Seus pais, Luiz Carlos e Lucy, produtores de enorme prestígio e poder, são responsáveis por momentos essenciais do cinema brasileiro, como Terra em Transe e Memórias do Cárcere. Hoje, fazem filmes populares, ou populistas, de estilos mais simples. Vez ou outra, me pergunto se entendem de cinema, entender no sentido de bater o olho e reconhecer o valor de uma imagem, de um filme.

Porque decidiram mostrar Lula – o Filho do Brasil em Brasília, 2 meses antes da estréia? Sendo o filme tão ruim, não teria sido mais importante para o produto lançá-lo em cima do público sob um véu de mistério e sem que ninguém externasse nenhuma das opiniões negativas já tão divulgadas na imprensa e internet?

O filme parece feito a partir de um molde genérico do padrão bio-filme, ou especial de TV. Ao final de cada sessão, ouvem-se muito referências a 2 Filhos de Francisco, o sucesso de cinco milhões de espectadores de cinco anos atrás. Talvez seja o molde a partir do qual o filme foi montado, como se aquele outro filme fosse algum tipo de descoberta. E foi, financeira. Money talks, bulshit walks.

De bebê sertanejo a líder sindicalista no ABC paulista, seguimos com muita paciência momentos da vida de Lula, dramatizados sem muita força, exceto num momento.

Em 1980, Lula, discursando para uma multidão num estádio, sem microfone, pede que o que diz seja passado para os metalúrgicos que estão atrás, e o discurso segue em ondas de gritos. É uma seqüência que se destaca do todo, e ver o jornal Le Monde elegendo Lula Homem do Ano há uma semana apenas reforça a idéia de que as ondas emitidas por Lula persistem.

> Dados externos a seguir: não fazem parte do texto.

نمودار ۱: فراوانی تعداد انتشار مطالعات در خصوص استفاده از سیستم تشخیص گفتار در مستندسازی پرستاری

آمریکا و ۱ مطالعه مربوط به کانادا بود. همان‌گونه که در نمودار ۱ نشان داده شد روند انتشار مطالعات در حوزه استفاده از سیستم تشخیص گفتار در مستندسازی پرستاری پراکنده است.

O tom folhetinesco domina o filme, no entanto. O pai (Milhem Cortaz, caracterização infeliz) parece um robô nordestino, com defeito. A mãe, Dona Lindu (Glória Pires), é mais uma mãe coragem, muleta popular e freqüente desse cinema comercial brasileiro (Cazuza, Zuzu Angel, Salve Geral). Ela não decola como personagem, pois registra mais como uma figurante com falas.

Se Dona Lindu é uma santa de um jeito só, Lula (Rui Ricardo Dias) é só dignidade e mito, nosso Evito. Cada imagem de Dias, que tem momentos eficazes de caracterização, nos leva à grande questão:

Captar somas gigantescas de dinheiro (orçamento divulgado está em torno de 16 milhões de reais) via patrocínio direto, para enaltecer a trajetória de um presidente ainda no poder é estranho. Nos EUA, W., de Oliver Stone, relato irônico, mas respeitoso, sobre George W. Bush, foi lançado no último mês do mandato.

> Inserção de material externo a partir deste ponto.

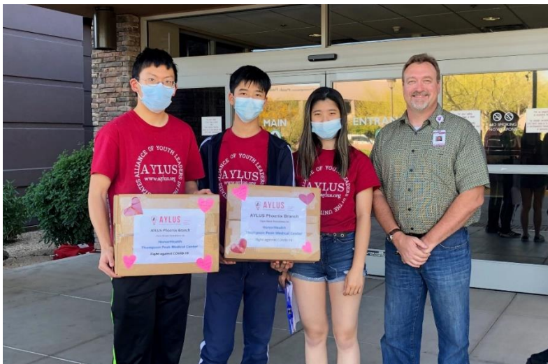
Thompson Peak Medical Center

Um olhar técnico de cinema aumenta o estranhamento sobre o filme, nossa produção mais cara até hoje. Não aparenta o dinheiro que custou, como numa cena dos anos 50, onde o Recife de 2009 é usado como fundo.

A cobrança de ver o que dizem ter gastado na tela é muito mais do que justa. Os Barretos jogam o jogo do cinema industrial, dos filmes que são capazes de conquistar 2o milhões de espectadores. Nesse tipo de cinema, o orçamento vira notícia, e o público vai ver o filme esperando ver o tipo de imagem popular que o dinheiro compra.

Avatar, por exemplo, gostando ou não, está tudo lá, para quem quiser cobrar, cada milhão escorrendo da tela. Na nossa maior produção, temos a mesma articulação indigente de planos de sempre, e uma sensação estranha de "onde está a grana?"